Tuesday 29 July 2014

Limited companies in the UK oil and gas sector are set to see demand for their services rise further, as the government moves to grant more fracking licenses.

Ministers have opened the bidding process for businesses wanting to secure a license to seek out onshore oil and gas.

Details are now available on how to apply to take the first step for starting drilling. However, a license does not equate to an absolute agreement and any further drilling applications will require planning permission, permits from the Environment Agency and sign-off from the Health and Safety Executive.

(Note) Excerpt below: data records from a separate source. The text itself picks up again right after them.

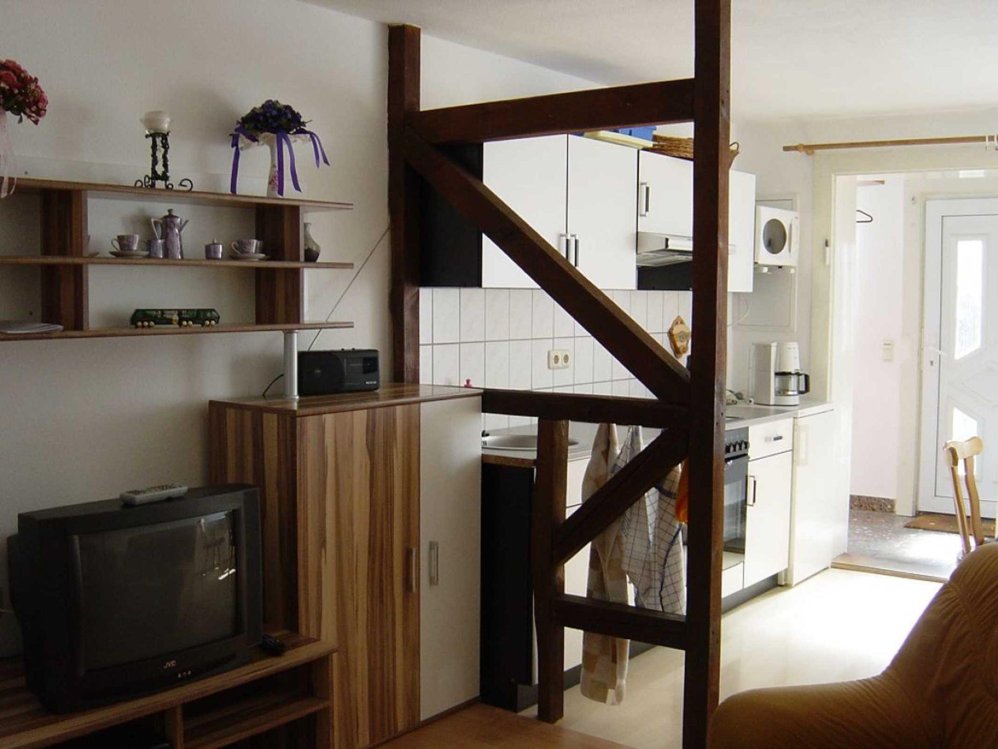 Aufteilung: Wohnbereich mit offener Küche, Schlafzimmer mit Doppelbett ( Durchgangszimmer zum Badzimmer ), 2 weitere Schlafzimmer im ausgebauten Dachgeschoss mit 3 Einzelbetten, Badezimmer mit Dusche/WC
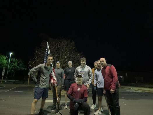THE THANG: Run around Bishop O’Connell stopping with 4 stops. STOPS 1,2, 4: 1 Minute Planks, 10 Burpees, 10 Triple Pump Squats (which are surprising hard!). STOP 3: 2 x 20 Dips, 20 Step Ups, 20 Incline Merkins MARY: 30 LBCs, 20 WW IIs, 20 Freddy Mercuries
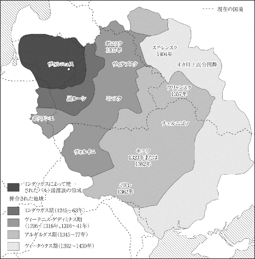 大統領が述べられたとおり、リトアニア大公国は、13-14世紀にベラルーシ、ウクライナ方面に領域を拡大し、15世紀には黒海にまで至ります。当時のリトアニア大公国は異教徒国家であったため、最大のライバルは、ロシアではなく、バルト海沿岸を支配していたドイツ騎士団でした。リトアニア大公国は、ドイツ騎士団に対抗するため、正教文化圏であったベラルーシ、ウクライナ方面に勢力を拡大し、正教の教会組織や文字言語(キリル文字によるルテニア語:後のベラルーシ語)を吸収したとされます。当時リトアニア大公国に文字言語はなく、リトアニア大公国の行政機関はルテニア語で記録文書を作成しました。その後、リトアニア大公はポーランドと同盟を結ぶためにカトリックに改宗しますが、ベラルーシ、ウクライナ地方はリトアニア大公国の中で正教文化を維持し、リトアニア・ポーランド連合軍が1410年のグルンヴァルトの戦いでドイツ騎士団を壊滅した際にも、ベラルーシ、ウクライナ地方出身の軍勢が貢献したとされます。
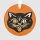 Classique Halloween Chat Noir Fangs Face Orange
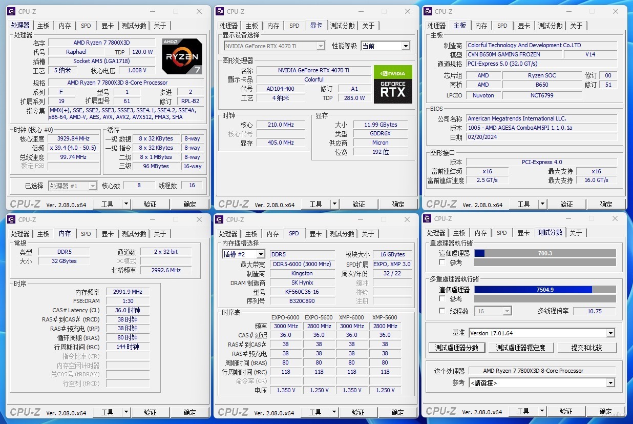 最重要的CPU基准测试我们也进行了,实测7800X3D跑出了单核700.3,多核7504.9的成绩,这个成绩与X670平台上的相差无几,看来七彩虹CVN B650M战列舰主板确实性能出色,完全能够胜任带动7800X3D的重任,以这款主板的配置,相信锐龙9来了也没有问题。

Business and energy minister Matthew Hancock said: "Unlocking shale gas in Britain has the potential to provide us with greater energy security, jobs and growth. We must act carefully, minimising risks, to explore how much of our large resource can be recovered to give the UK a new home-grown source of energy. As one of the cleanest fossil fuels, shale gas can be a key part of the UK’s answer to climate change and a bridge to a much greener future."

In addition to opening up the licensing bidding process, communities minister Lord Ahmad of Wimbledon sought to clarify the government's approach to unconventional hydrocarbons.

This was done in the form of additional planning guidance for areas of outstanding natural beauty, world heritage sites, national parks and the broads.

Lord Ahmad claims this will help to protect Britain's environment and ensure operational best practices are followed.

"Ultimately, done right, speeding up shale will mean more jobs and opportunities for people and help ensure long-term economic and energy security for our country," Mr Hancock said.

In order to ensure businesses are following the rules relating to unconventional hydrocarbons, communities secretary Eric Pickles will be giving consideration to recovering planning appeals arising from these types of developments for the next 12 months and potentially beyond.

Lord Ahmad commented: "Effective exploration and testing of the UK’s unconventional gas resources is key to understanding the potential for this industry – so the government is creating the right framework to accelerate unconventional oil and gas development in a responsible and sustainable way."

The Department of Energy and Climate Change will also require statements of Environmental Awareness to be submitted with licensing applications to the areas identified by Lord Ahmed. This is in order to demonstrate that the company understands the environmental sensitivities relevant to the area proposed.

The increase in fracking is sure to drum up demand for contractors in the oil and gas sector.

However, the market is incredibly competitive, with international hotspots such as Houston attracting many limited companies overseas.

Consequently, organisations embarking on fracking activities in the UK will need to ensure they can source the talent they need.

Businesses will also need to be aware of public backlash, as there is fierce opposition to increasing fracking in Britain. Critics say the new proposals give Eric Pickles the power to overrule local authorities to allow fracking in beauty spots.